The first thing I’ll comment about is the fact you can do a lot with facts and figures; the article in the Independent last week which eluded that Irish ATCOs as the highest paid in the world, except for our Spanish colleagues. Despite this being false; the article also failed to consider a range of other issues; these may include cost of living, taxes paid against wage earned, average wages in the particular country, whether the ANSP is a for profit ‘privatised’ organisation or government-owned cost recovery organisation, semi-state etc. The method in which employees are paid has a direct link with the manner in which airlines are charged.
See this report for a benchmark of costs in Europe for ATCOs and ANSPs and airways charges.
Click to access ACE_2007_Benchmarking_Report.pdf
Although the data for benchmarking is going back to the 2007 (published in May 2009); as these reports take significant time to produce.
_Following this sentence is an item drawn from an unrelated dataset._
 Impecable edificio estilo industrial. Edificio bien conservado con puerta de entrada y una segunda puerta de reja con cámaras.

This is however the most accurate comparative data available at present. The next set of data should be available in 5 months or so.
The total money spent in providing ATC services in Ireland in 2007 was €75 per hour. The European average is €93 per hour.
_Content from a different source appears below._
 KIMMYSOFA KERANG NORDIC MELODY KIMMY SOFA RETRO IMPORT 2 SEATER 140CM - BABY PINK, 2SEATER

This €75 per hour isn’t the direct cost or hourly rate of the ATCO, but the total costs, including training time for new projects or new positions, instructors working short-term in the school, project work, holiday time, time retraining after incidents or maternity leave etc. It is calculated by adding the total wages costs (including pension allocations) of all ATCOs and then dividing this by the amount of hours controllers are active in an operational positions. Costs vs time actually working.
Compare this to Spain where the (alleged) most ‘expensive ATCOs’ in Europe reside you will see the similar cost of €89 per hour. In Germany this cost is €124 per hour. At UK NATS the cost is €95 per hour. In Switzerland €107 per hour. At the Eurocontrol facility in Maastricht the cost per hour is €132 per hour.
If you look at cost of Airways charges per hour Ireland averaged at €298 per hour. Spain is €576 per hour, Germany €418 per hour, UK NATS the cost is €426 per hour, Switzerland €439 per hour and Maastricht costs are €210 per hour.
In 2007 Ireland accounts for 1.4% of European Air Traffic. There are 230 operational ATCOs in Ireland which is 1.37% of all ATCOs in Europe (16701 Operational ATCOs).
The IAA, in 2007, had 448 total staff, or 0.79% of the total in of staff employed by European ANSPs (56737).
Irish ATCOs spend an average of 1631 hours per annum controlling traffic; compared to the European average of 1471 hours per annum. If you can grasp on thing from this article; Irish ATCOs are extremely productive and cost-effective.
And finally a quote: “The global recession, accompanied by high levels of unemployment, hit air travel demand especially hard in 2009 but the declines appear to be bottoming out,” said ATA Chief Executive James May. “Anecdotal evidence suggests a positive revenue trajectory in 2010.”